Here is supervision data of the batch: 'supervisions': {'text': ['OKAY ARE YOU ABLE TO TELL ME THE PRICE DIFFERENCE BETWEEN THE LIQUID FORM AND THE PAD', 'OKAY CAUSE OKAY CAUSE I WANTED A WAY THAT I COULD GO THROUGH SLOWLY IF I NEEDED TO', 'OKAY GREAT NOW COULD I GET YOU TO VERIFY YOUR DATE OF BIRTH PLEASE', 'AWESOME OKAY AND THEN DOES THAT WEBSITE HAVE COUPONS', 'OKAY WHAT WOULD BE THE NEAREST BRANCH TO ME THEN', 'NO THANK YOU AND COULD I FURTHER ASSIST YOU WITH ANYTHING', 'YEAH SURE SURE BYE', 'PERFECT THANK YOU SO MUCH FOR YOUR HELP', 'IT IS AETNA'], 'sequence_idx': tensor([0, 1, 2, 3, 4, 5, 6, 7, 8], dtype=torch.int32), 'start_frame': tensor([0, 0, 0, 0, 0, 0, 0, 0, 0], dtype=torch.int32), 'num_frames': tensor([533, 525, 523, 380, 351, 280, 230, 204, 102], dtype=torch.int32)
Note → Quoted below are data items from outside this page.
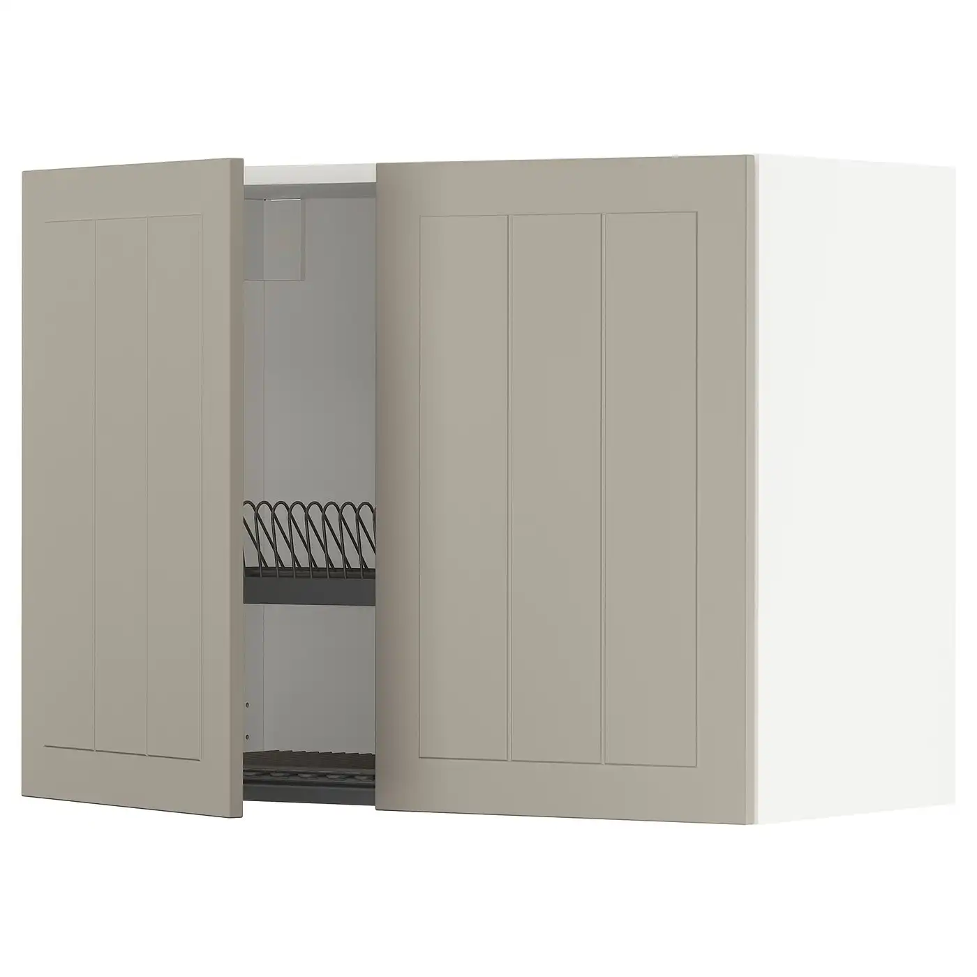 IKEA METOD Wall cabinet with dish drainer 80x60 cm STENSUND beige/white
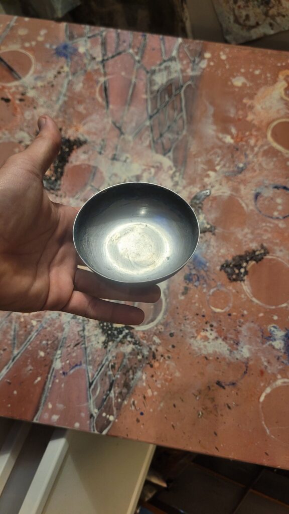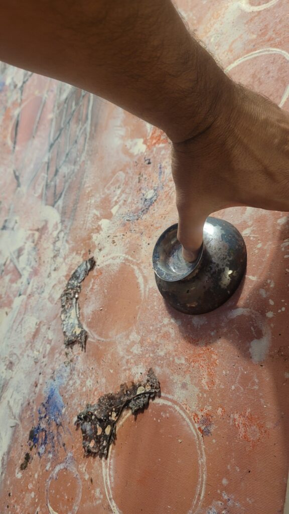 Later, in the studio, a small metal cup becomes an eye embedded in the painted membrane. Concave, reflective, gathering light. A technological iris resting inside a field of pigments, oils and fragile residues of paper that once touched liquid color.
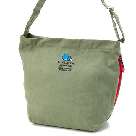 大ぶりなキャンバスショルダーバッグに寝転がるドラえもんを刺繍
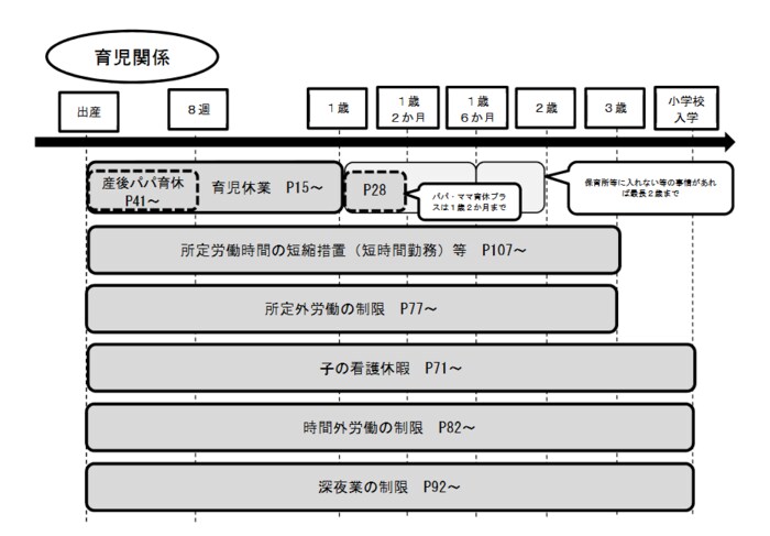 厚生労働省では、「育児・介護休業法」に基づく休業制度や短時間勤務制度などを設けています。
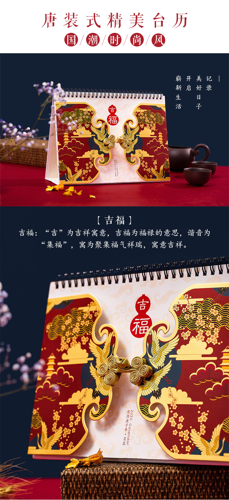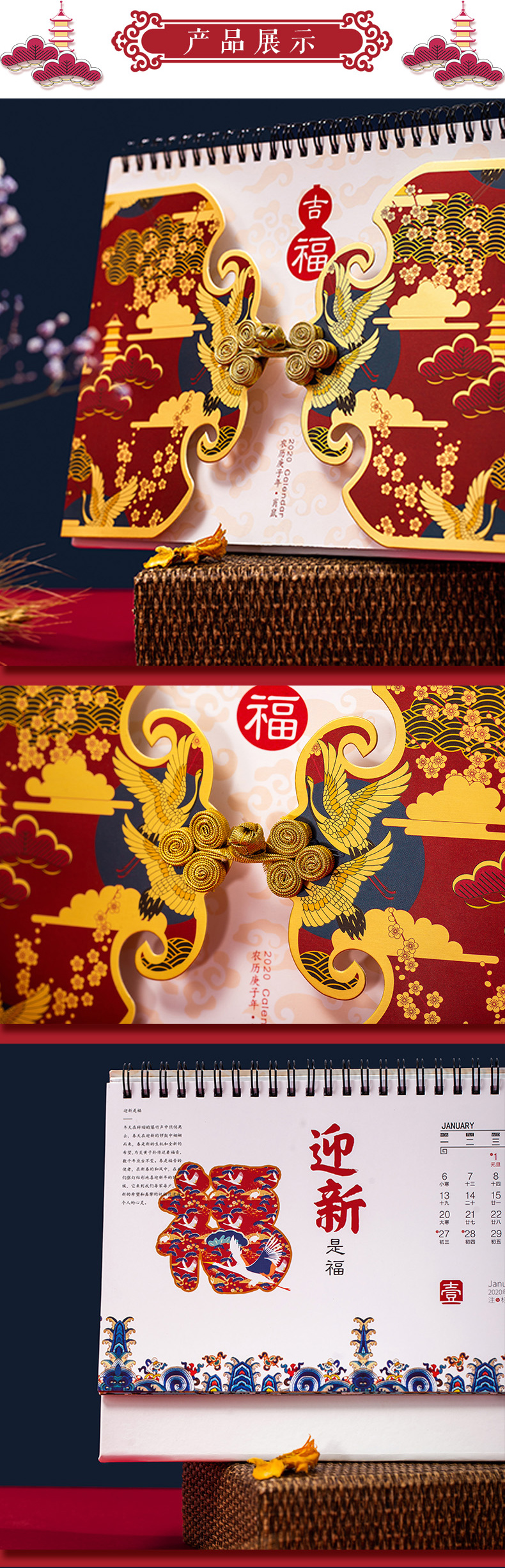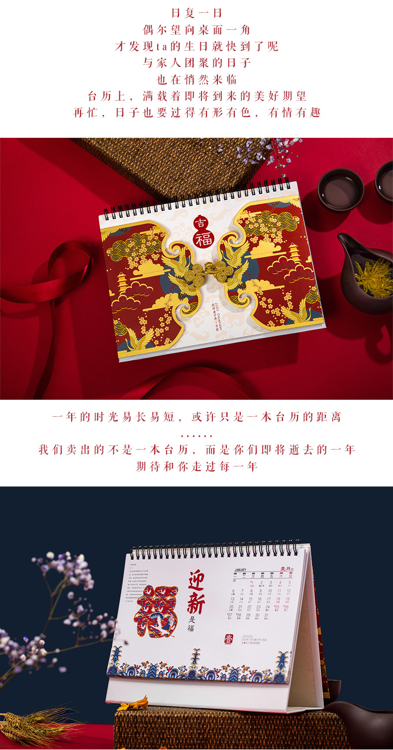 商品名称:唐装式精美台历日历 加厚纸质实用内页 吸引客户的小礼品
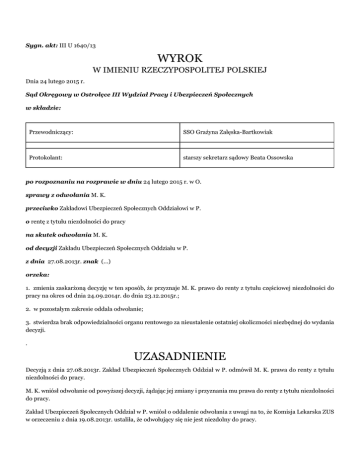 Sygn. akt: III U 1640/13 WYROK W IMIENIU RZECZYPOSPOLITEJ POLSKIEJ Dnia 24 lutego 2015 r. Sąd Okręgowy w Ostrołęce III Wydział Pracy i Ubezpieczeń Społecznych w składzie: Przewodniczący: SSO Grażyna Załęska-Bartkowiak Protokolant: starszy sekretarz sądowy Beata Ossowska po rozpoznaniu na rozprawie w dniu 24 lutego 2015 r. w O. sprawy z odwołania M. K. przeciwko Zakładowi Ubezpieczeń Społecznych Oddziałowi w P. o rentę z tytułu niezdolności do pracy na skutek odwołania M. K. od decyzji Zakładu Ubezpieczeń Społecznych Oddziału w P. z dnia 27.08.2013r. znak (...) orzeka: 1. zmienia zaskarżoną decyzję w ten sposób, że przyznaje M. K. prawo do renty z tytułu częściowej niezdolności do pracy na okres od dnia 24.09.2014r. do dnia 23.12.2015r.; 2. w pozostałym zakresie oddala odwołanie; 3. stwierdza brak odpowiedzialności organu rentowego za nieustalenie ostatniej okoliczności niezbędnej do wydania decyzji. . UZASADNIENIE Decyzją z dnia 27.08.2013r. Zakład Ubezpieczeń Społecznych Oddział w P. odmówił M. K. prawa do renty z tytułu niezdolności do pracy. M. K. wniósł odwołanie od powyższej decyzji, żądając jej zmiany i przyznania mu prawa do renty z tytułu niezdolności do pracy. Zakład Ubezpieczeń Społecznych Oddział w P. wniósł o oddalenie odwołania z uwagi na to, że Komisja Lekarska ZUS w orzeczeniu z dnia 19.08.2013r. ustaliła, że odwołujący się nie jest niezdolny do pracy. Sąd Okręgowy ustalił następujący stan faktyczny: w dniu 29.05.2013r. M. K. złożył wniosek o ustalenie uprawnień do renty z tytułu niezdolności do pracy. Orzeczeniem z dnia 25.06.2013r. lekarz orzecznik ZUS ustalił, że odwołujący jest okresowo częściowo niezdolny do pracy do 30.06.2016r., a niezdolność do pracy powstała w dniu 13.04.2013r. Na skutek zarzutu wadliwości orzeczenia wniesionego przez zastępcę Głównego Orzecznika ZUS stan zdrowia ubezpieczonego był badany przez Komisję Lekarską ZUS, która w orzeczeniu z dnia 19.08.2014r. orzekła, że ubezpieczony nie jest niezdolny do pracy. Wobec powyższego decyzją z dnia 27.08.2013r. Zakład Ubezpieczeń Społecznych Oddział w P. odmówił przyznania M. K. prawa do renty z tytułu niezdolności do pracy. Sąd zważył, co następuje: Zgodnie z art.57 ust. 1 ustawy z dnia 17.12.1998r. o emeryturach i rentach z Funduszu Ubezpieczeń Społecznych (tekst jedn. Dz. U. z 2013r., poz. 1440 ze zm.) - renta z tytułu niezdolności do pracy przysługuje ubezpieczonemu, który spełnia łącznie następujące warunki: jest niezdolny do pracy, ma wymagany okres składkowy i nieskładkowy, a niezdolność do pracy powstała we wskazanych w ustawie okresach składkowych i nieskładkowych, albo nie później niż w ciągu 18 miesięcy od ich ustania. Osobie, która spełnia powyższe warunki przysługuje, według art. 59 ust. 1 powołanej ustawy, renta stała – jeżeli niezdolność do pracy jest trwała (pkt 1), lub renta okresowa – jeżeli niezdolność do pracy jest okresowa (pkt 2). Definicję osoby niezdolnej do pracy podaje natomiast art. 12 ust. 1-3 tejże ustawy, który stanowi, że jest nią osoba, która całkowicie lub częściowo utraciła zdolność do pracy zarobkowej z powodu naruszenia sprawności organizmu i nie rokuje odzyskania zdolności do pracy po przekwalifikowaniu (ust. 1), przy czym całkowicie niezdolną do pracy jest osoba, która utraciła zdolność do wykonywania jakiejkolwiek pracy (ust. 2), zaś częściowo niezdolną do pracy jest osoba, która w znacznym stopniu utraciła zdolność do pracy zgodnej z poziomem posiadanych kwalifikacji (ust. 3). W świetle powyższych przepisów skuteczność odwołania M. K. zależna była od wykazania przez niego niezdolności do pracy. Na tę okoliczność Sąd dopuścił dowód z opinii biegłych lekarzy z zakresu kardiologii, neurologii i okulistyki. Po przeprowadzeniu wywiadu z M. K., jego zbadaniu oraz po analizie dokumentacji medycznej biegła okulista B. M., kardiolog K. S. oraz neurolog M. B. rozpoznali u niego: nadwzroczność wysoką obu oczu, astygmatyzm, stan po operacji zeza zbieżnego, zez rozbieżny wtórny, niedowidzenie oka lewego dużego stopnia, praktyczną jednooczność, nadciśnienie tętnicze. Biegli ocenili, że występujące u odwołującego się schorzenia oraz stopień ich zaawansowania stanowią podstawę do stwierdzenia, iż odwołujący jest zaadoptowany do jednooczności, drugie oko jest widzące po korekcji szkłami korekcyjnymi i orzekli że odwołujący jest zdolny do pracy z pewnymi ograniczeniami określanymi przez medycynę pracy. W uzasadnieniu opinii biegli stwierdzili, że badany nie był diagnozowany przez neurologa, jego okresowe bóle głowy wiążą się ze skokami ciśnienia tętniczego, a stwierdzone nadciśnienie tętnicze nie stanowi przeciwwskazania do pracy. Ponadto biegły okulista stwierdził, że niedowidzenie jednego oka nie czyni ubezpieczonego niezdolnym do pracy (k. 13-14). Odwołujący nie zgodził się z wnioskami biegłych. Z jego zeznań wynikało, iż jest z zawodu artystą. Specjalizuje się on w malowaniu ikon i rzeźbie z drewna. Maluje także farbami olejnymi na płótnie. Jego głównym schorzeniem jest złożona wada wzroku, powodująca, że praktycznie jest osobą jednooczną. To uniemożliwia mu wykonywanie pracy. Musi malować z lupą. Odwołujący, nie mogąc tworzyć, znalazł zastępcze źródło dochodu tj. oprawiał obrazy. Przy czym jest to praca na maszynach w ruchu i wobec powyższego wada wzroku także uniemożliwia mu aktualnie wykonywanie tej pracy. Mając na uwadze powyższe zarzuty, Sąd dopuścił dowód z opinii biegłych lekarzy z zakresu okulistyki i medycyny pracy. Po przeprowadzeniu wywiadu z M. K., jego zbadaniu oraz po analizie dokumentacji medycznej biegła okulista I. B. rozpoznała u niego: nadwzroczność wysokiego stopnia obu oczu, astygmatyzm krótkowzroczny niskiego stopnia obu oczu, niedowidzenie dużego stopnia oka leweg

csukuangfj commented 1 year ago

The batch that causes inf losses looks normal. I am not sure what happens. Maybe @danpovey has more insight about it.

is2022 commented 1 year ago

One thing that I'm confused about is that I have "--max-duration 280" but for this batch the total duration is more than 31 secs. Shouldn't it be less than 28 secs?

csukuangfj commented 1 year ago

but for this batch the total duration is more than 31 secs

--max-duration specifies the max value of the sum of durations of all utterances in a batch. If there are N-1 utterances in the batch and the sum of the durations of those N-1 utterances are less than --max-duration, it will add another utterance to the batch. If the sum exceeds this value, it stops adding utterances into it.

danpovey commented 1 year ago

@csukuangfj in the new version of the scripts that we are working on, you may notice a new "--inf-check" option that can locate where the inf came from. That can easily be backported to other recipes.

In half-precision training (--use-fp16=True) it can be easy to get infinities, they come from the attention module usually, from scores outside the half-precision range.

is2022 commented 1 year ago

Just a quick note, in my script I haven't enabled the half-precision training.